I can see what you're saying. The reason I gave the advice I did though was because as a single mom, I can tell you that all the duties involved (not just with the child care itself, but the chores associated with it) are overwhelming to manage all on your own and she resents that he hasn't had to do any of it. You'll see what I mean once you have your baby - they are constant work. Even when they're asleep, there will be stuff that to do. I was mainly thinking she could show him how to do stuff like prepare bottles or other stuff she does for Emma, which he has to learn anyway. That way he would see his daughter and get a feel for it all before just taking the baby away. 

I think the main reason we all suggested he put off the legal action (for now) was because it may kill any civility and amiability thats possible between him and his ex. She would resent him forever for it, and the child would grow up the hostility. If things dont improve after some time, Id say he should consider it again but the ideal scenario would be to have them work out things between themselves and even be friends one day. If thats possible, I think he should give it a shot before taking her to court.

If youre not a single mom, then I dont think you really relate to why the ex has been so emotional and hostile. Being pregnant and alone" and not having an OH like 80% of the other moms out there is very isolating and an incredibly hard. My baby is nearly 9 months old now, and I still cringe when people ask me about her Dad or "my husband" and I feel awkward explaining that Im single and feel like shit afterwards every time.
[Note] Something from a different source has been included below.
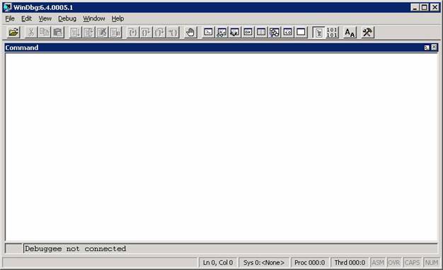 从命令提示窗口中,改变当前的目录到WINDOWS调试工具的安装目录。这是windbg.exe 和kd.exe 所在的位置。输入windbg,按下Enter。你将会看到:

Having solicitors come after her now will be very upsetting for everyone involved and itll take forever for her to recover and forgive him. It sounds like shes coming around now, and I really think its really worth giving a fair chance before he starts getting lawyers and judges involved.


----------



## Louisandemma

Thank you, I really do appreciate everybody's opinions. 

Sophie has reluctantly agreed to meet with her, the reason she doesn't want to is she's afraid on confrontation. She's a very shy person and she's scared that Kate's going to upset her and make things worse. She's going to go to a public place, and we're going to have a friend Kate doesn't know at the other side of the cafe. (Right or wrong, it's for Sophie's safety in case there's a big confrontation) 

Kate has agreed that I can go see Emma on Saturday this week.. Wish me luck! 

For now I'm still proceeding with court, ill see how it goes for now, I really want pr and my name on the birth certificate so that I have more rights. X


----------



## Mummy1995

It's great she's going to see her! And nice idea for someone to be around just in case. And so good that you're seeing Emma Saturday! I wouldn't stop court proceedings but maybe put them on hold. If things keel going the way they are then you could have you name put on Emma's birth certificate without the need for court :) obviously it's entirely up to you but just something to think about. 

Things are definitely looking up, I'm so glad! Good luck and have fun seeing your daughter! :) x


----------



## Ceejay123

Brilliant news! Keep us updated after Saturday! X


----------



## xxsteffyxx

Louisandemma said:


> I really want pr and my name on the birth certificate so that I have more rights. X

I tell this to so many people... It really bugs me.

PR is *NOT* Parental Rights
PR is Parental *RESPONSIBLITY*

If you believe that by putting your name on the birth certificate you are gaining more 'rights' over your child, then that isn't the right attitude to have.

Nothing against you, but it really bugs me.


----------



## Louisandemma

xxsteffyxx said:


> Louisandemma said:
> 
> 
> I really want pr and my name on the birth certificate so that I have more rights. X
> 
> I tell this to so many people... It really bugs me.
> 
> PR is *NOT* Parental Rights
> PR is Parental *RESPONSIBLITY*
> 
> If you believe that by putting your name on the birth certificate you are gaining more 'rights' over your child, then that isn't the right attitude to have.
> 
> Nothing against you, but it really bugs me.Click to expand...

I may be wrong, but I've taken huge offence to this.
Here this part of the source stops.